What began as a niche corporate strategy transformed into a transmission channel that magnified declines across ETFs, treasury vehicles, and underlying cryptocurrencies.

The pro-crypto policy backdrop and ETF infrastructure embedded leverage into institutional rails.

Banks, prime brokers, and structured products lent safely against ETFs and large-cap crypto, which deepened liquidity but meant that deleveraging episodes now impacted a broader, more institutional funding base than in 2021.

Rising loan volumes indicated that crypto risk had become tightly coupled with mainstream balance sheets, rather than merely serving as a sentiment gauge.

Record lending at market peaks signaled that cycle gains stacked on credit, improving liquidity and trade sophistication on the way up, while reloading core vulnerabilities.

FTX-Like Systemic Risk Remains Possible Despite Changes

In other crypto news, the architecture has evolved since the FTX collapse, but systemic risk has remained embedded in the record loan stack.

The combination of on-chain protocols, opaque centralized finance operations, and double-counting created interconnected points of failure.

Digital asset treasury companies emerged as central borrowers, using cryptocurrencies as collateral for cash and yield strategies.

The concentration of borrowing among these firms created vulnerability where stress at one large treasury company could cascade through connected lenders and collateral chains.

Opacity in centralized finance lending meant counterparty exposures remained unclear despite post-FTX reforms.

When prices turned, the lending boom faced the potential for a synchronized margin unwind across decentralized finance, centralized finance, and listed Bitcoin proxy stocks.

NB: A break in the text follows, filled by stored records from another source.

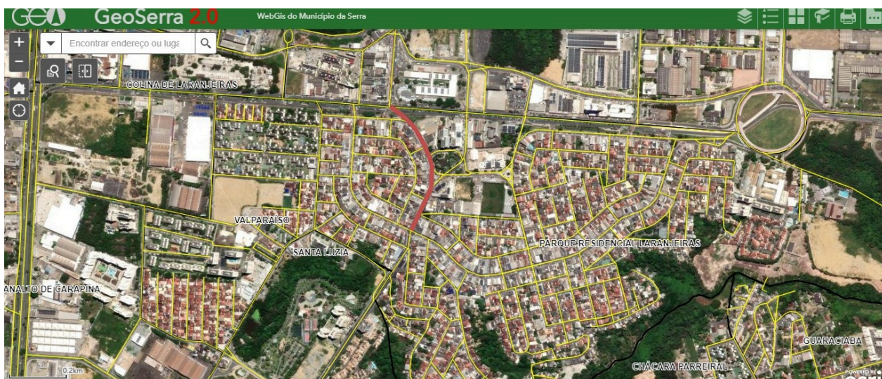
Imagem 1 - Localização da Av. Primeira Avenida, nº 114, Parque Res. Laranjeiras, Serra - ES.

Rua Major Pissarra, 245 - Centro – Serra/ES – CEP: 29.176-020. Tel.: (27) 3251-8300 E-mail: gabinetegeorge@camaraserra.es.gov.br / Site: www.camara.serra.es.gov.br
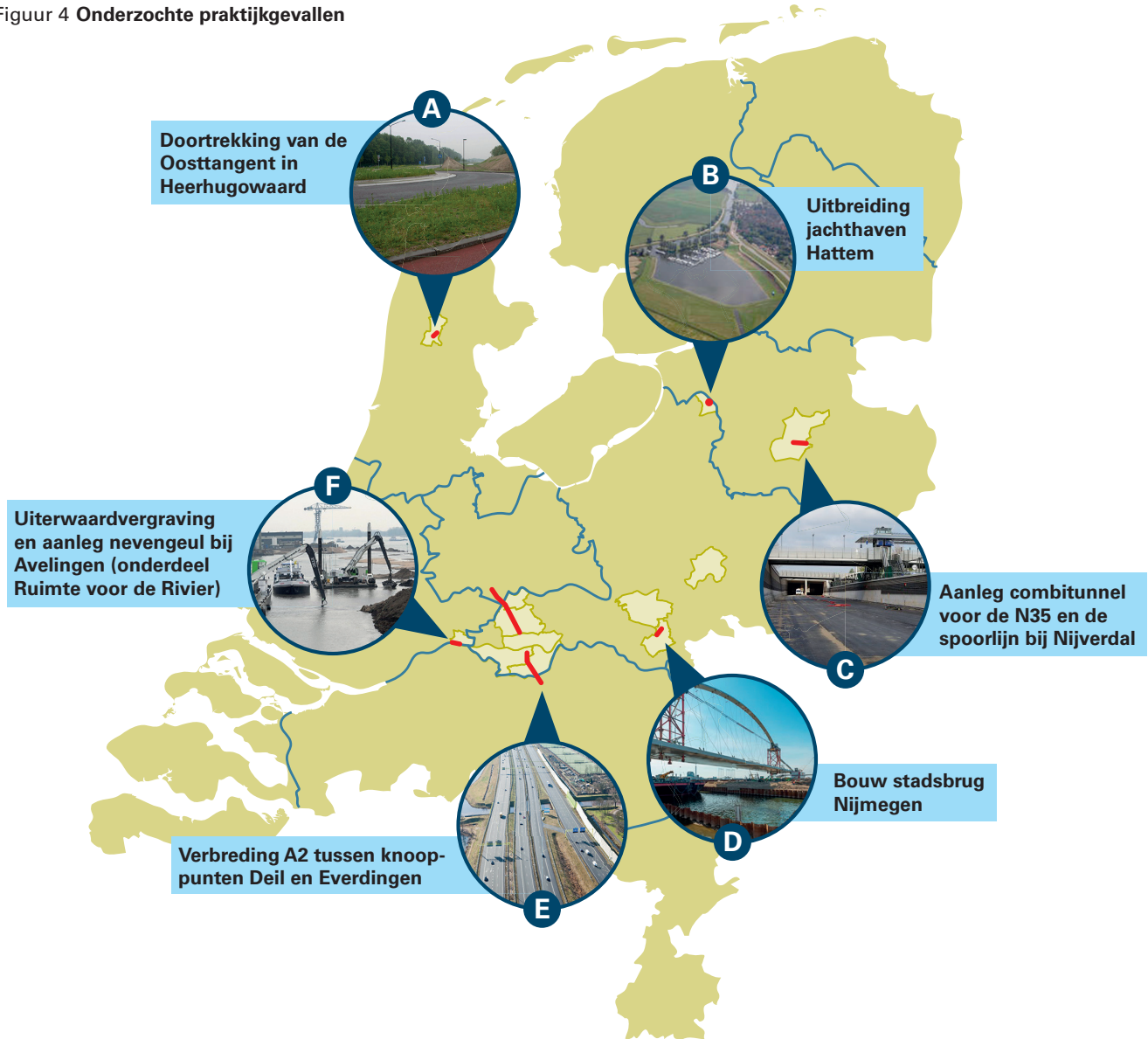
Figuur 4 Onderzochte praktijkgevallen
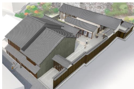
<町並み保存拠点施設の整備>
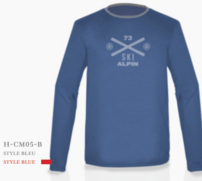
H-CM05-B STYLE BLEU STYLE BLUE

The structural tightness between crypto markets and traditional finance increased through ETF-linked lending and institutional participation.

A deleveraging episode no longer stayed confined to crypto-native platforms but propagated through prime brokers and mainstream balance sheets.

The $73.6 billion in loans represented the highest level of crypto credit on record, built during a period when Bitcoin printed all-time highs.

The lending peak arrived just as prices began reversing, mirroring the late 2021 pattern that preceded the sector’s most severe credit crisis.

The record levels of crypto loans in the third quarter confirm a leverage-driven market structure with evolving architecture but persistent systemic vulnerabilities.